Other than the options provided by build_plugin build_plugin_ci also provides a --build_agent flag which allows a user to choose between different build agents to build and label their plugin. Currently only docker, podman and buildah are supported. For example:

build_plugin . --target_name my-image:1.3.5 --build_agent "podman"

A proxy configurations can be configured as follows:

build_plugin . --build-arg http_proxy="$http_proxy" --build-arg https_proxy="$https_proxy"

This will generate a plugin image:

  • The extraction plugin is added to your local image registry (docker images),

  • Note that the variables $http_proxy and $https_proxy are put in quotes, this is needed in case they contain spaces,

  • The image is tagged with two tags: latest, and your plugin version.

Arguments:

  • DOCKER_FILE_DIRECTORY: Path to the directory containing the Dockerfile of the plugin.
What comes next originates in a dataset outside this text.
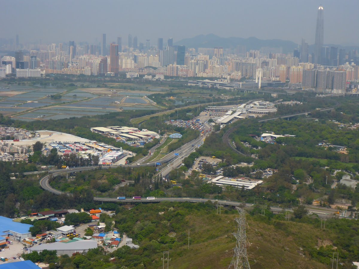 未到山頂,已看到落馬洲管制站。右邊是洲頭和潘屋村。

  • (Optional) DOCKER\_IMAGE\_NAME: Name of the docker image without tag. Note that docker image names cannot start with a period or dash. If it starts with a dash, it will be interpreted as an additional docker argument (see DOCKER_ARGS). If no name is given the name defaults to extraction-plugin/PLUGINID, e.g. extraction-plugin/nfi.nl/extract/chat/whatsapp.

  • (Optional) BUILD\_AGENT: The build agent that should be used to build the plugin. Either docker, podman or buildah. Docker is the default.

  • (Optional) BUILD\_AGENT\_ARGS: Additional arguments for the buildagent command, which can be as many arguments as you like.